Here is the state of AI in private equity as of early 2026. The numbers tell a story that most firms are not ready to hear.
80% of PE and VC firms deployed AI in some capacity by late 2024, a 70% increase from the prior year, according to Bain. Global AI spending is projected to cross $2 trillion in 2026. Vista Equity Partners now requires portfolio companies to submit quantified GenAI goals as part of their operating cadence. Every conference keynote, LP letter, and operating partner offsite includes an AI strategy slide.
And yet. Only about 20% of these firms have operationalized AI use cases that produce measurable returns. The rest are somewhere between “we have a proof of concept” and “we spent six months and do not have much to show for it.”

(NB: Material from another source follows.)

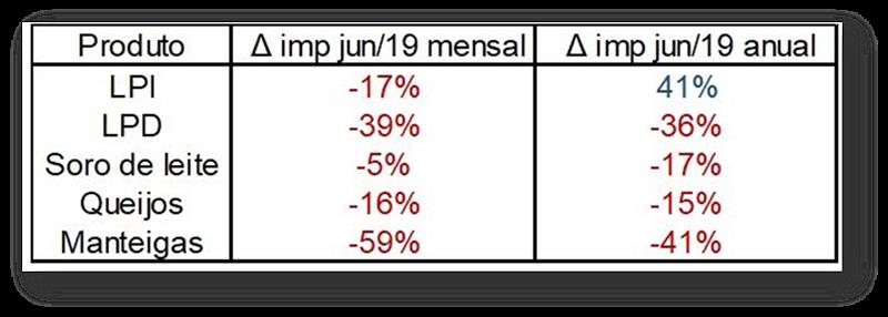 En esta coyuntura, las 5 mil toneladas de leche entera en polvo (LPI) internalizadas en junio / 19 representan una reducción del -17% en relación con el mai / 19, mientras que las 1,4 mil toneladas de leche desnatada en polvo (LPD) Representan una reducción del -39%, considerando el mismo periodo. Otros productos como los quesos, mantequillas y suero de leche también mostraron una reducción en las importaciones brasileñas en junio. La Tabla 2 muestra las variaciones de la cantidad importada de estos productos lácteos.

The gap between AI ambition and AI results is not a technology gap. It is a data gap. AI without clean data is expensive hallucination. And in PE, where every dollar of EBITDA gets multiplied by 10x or more, expensive hallucination is not a tolerable outcome.
This post makes the case that most portfolio companies do not need an AI strategy. They need a data strategy that enables AI. And it provides the framework for building that foundation.
Why AI initiatives fail at portfolio companies
I have been involved in data infrastructure programs at Fortune 100 scale and at mid-market companies with $30M to $300M in revenue. The failure mode for AI is remarkably consistent across both.
The pattern goes like this.
Month 1. The PE firm tells the portfolio company to develop an AI roadmap. The company hires a consultant or a data scientist. Enthusiasm is high.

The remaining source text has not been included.